Sequencing Status is pertinent to isolate genomes and can be specified by the data submitter. Options are Finished, Draft or Permanent draft (see above for individual descriptions). For metagenomes, SAGs, MAGs, and all other product types, the status is set to “permanent draft”.

Sequencing Strategy: refers to any of the following materials or approaches used for DNA/RNA sequencing:: DNA synthesis, Genome fragments, Metagenome, Metatranscriptome, Plasmid, Resequencing, Transcriptome, Transposon Mutagenesis Sequencing, Whole Genome Sequencing.

Single cell (“screened” or “unscreened”) refers to Single Amplified Genome (SAGs) that are obtained using Whole Genome Amplification (WGA) methods on Single Cells. Assembled sequences may be subject to further processing such as screening for contaminant sequences by comparing against a reference database of common contaminants, and removing these sequences that don't belong to the targeted single cell. “Unscreened” implies this contaminant screening was not performed.

Single Particle Sort (see Metagenome- Single Particle Sort above)

Specimen (aka GOLD Specimen) refers to the sequencing material source either an Organism or Biome

Study Name (aka GOLD Study Name) is an overarching project name encompassing a list of sequencing projects (isolates, metagenomes, SAGs, etc.) that are part of the original research proposal. E.g., HMP study, GEBA study.

Submission Type flag is used to indicate which dataset should be included in the IMG reference data set. It can be either primary or reanalysis. Only primary datasets get included in the IMG reference dataset.

Type Strain is typically an alphanumeric string designating type strain status of an isolate genome. Type strain is the strain which was used when the species was first described, and is typically deposited and retrievable from service culture collections like DSMZ, ATCC, etc.

UViGs stands for Uncultivated Virus Genomes.
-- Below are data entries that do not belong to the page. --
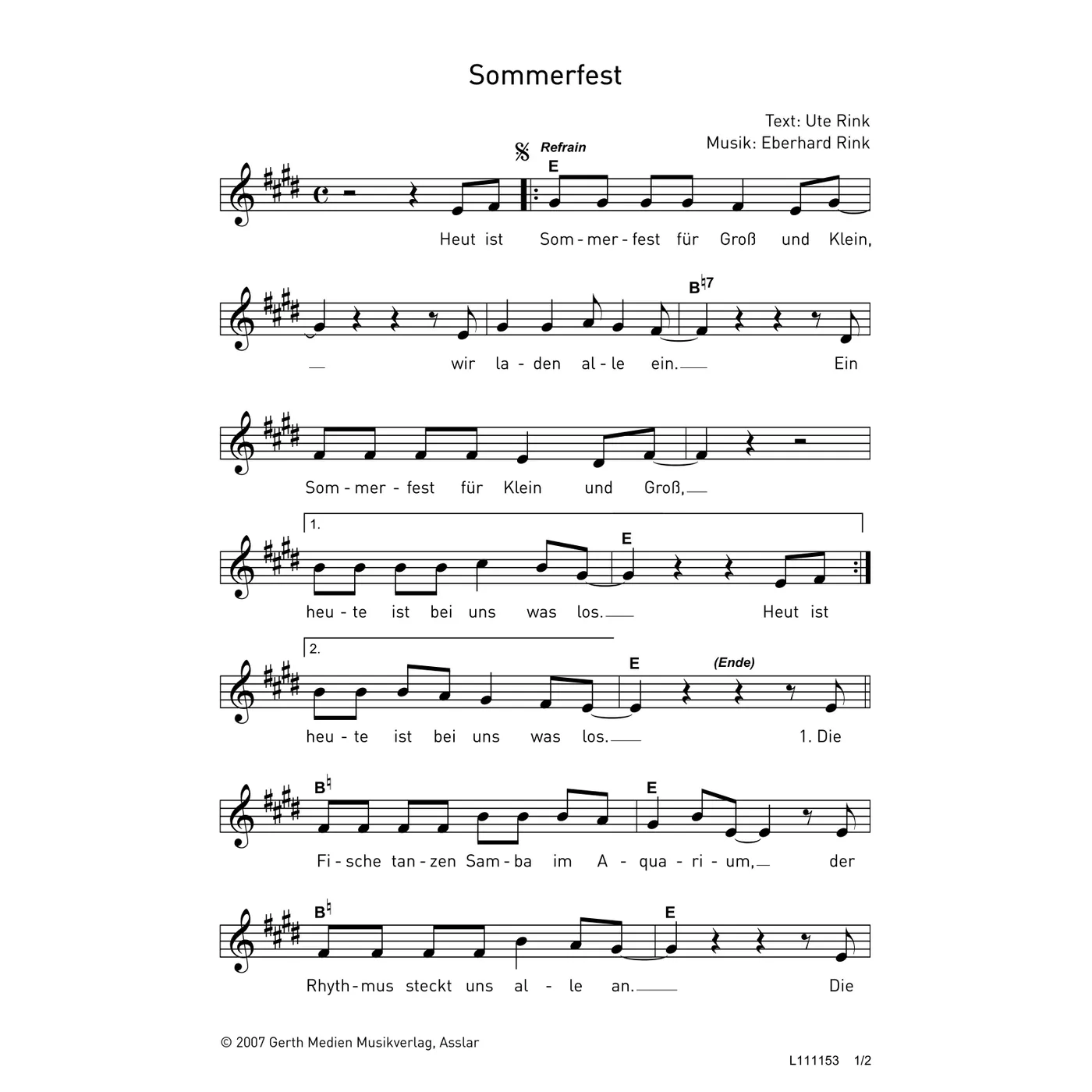 Sommerfest (diese Variante haben Sie gerade ausgewählt) (einstimmig, mit Akkorden, E-Dur) Eberhard Rink (Komposition), Ute Rink (Text) |
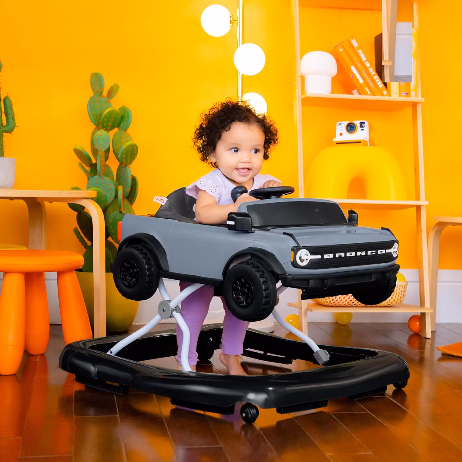 Bright Starts gåstol Ford Bronco kombinerar lek, utveckling och äventyr i ett. Med fyra olika lekmöjligheter – från traditionell gåstol till glidfunktion – följer den barnet genom flera utvecklingsfaser. Den avtagbara leksaksstationen har autentiska detaljer som motorljud, lampor, växelspak och ratt som stimulerar fantasin. Två barn kan leka samtidigt tack vare gång- och glidlägena, vilket gör den perfekt för syskon eller små vänner. Ramen kan justeras i tre höjder så att stolen växer med barnet. En gåstol som bjuder på realistisk körglädje, trygghet och massor av lekfull energi.
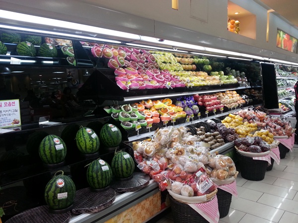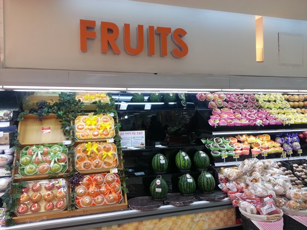 백화점 농산물 코너에 최고급 과일들이 자리를 잡고 있네요.
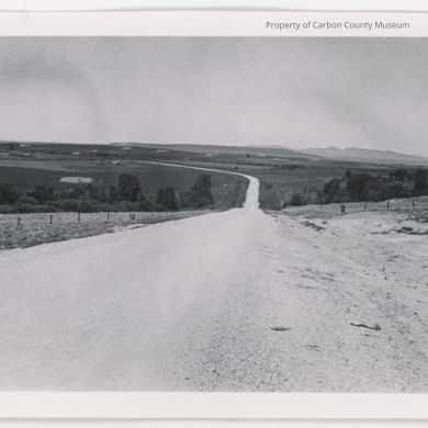 Update 2008: Black and white print. Snapshot. Image of a dirt or gravel road extending from a sagebrush prairie down into a grassy valley. Fences on either side. Groves of trees and hay pile in middle ground. More hay piles in fields as the road curves to left in background, hills on horizon.

These are virus genomes predicted from sequences, but which viral origin has only been predicted computationally and not verified experimentally.

Uncultured Type denotes how an uncultured organism was obtained. This applies both for real uncultured organisms as well as virtual organisms of metagenomic origin. The Uncultured type can be Single Cell, Pooled Single Cells, Population enrichment, Metagenomic etc.

vOTU stands for viral Operational Taxonomic Units, and represent groups of UViGs (viral sequences) clustered based on high ANI similarity (currently, 95% average nucleotide identity ANI over 85% alignment fraction AF).

WGS: stands for Whole Genome Sequencing, the complete DNA sequence of an organism's genome, also known as complete genome sequencing, full-genome sequencing.

Workspace is only available in IMG/MER or IMG/ABC portals. Users can save contents of genome-, gene-, function-, or scaffold carts for later use in Workspace and even share datasets privately with other IMG users. Additional functionality is available for datasets stored in workspace (as opposed to carts) such as larger computation requests (like BLAST) or statistical analysis of genome sets or groups.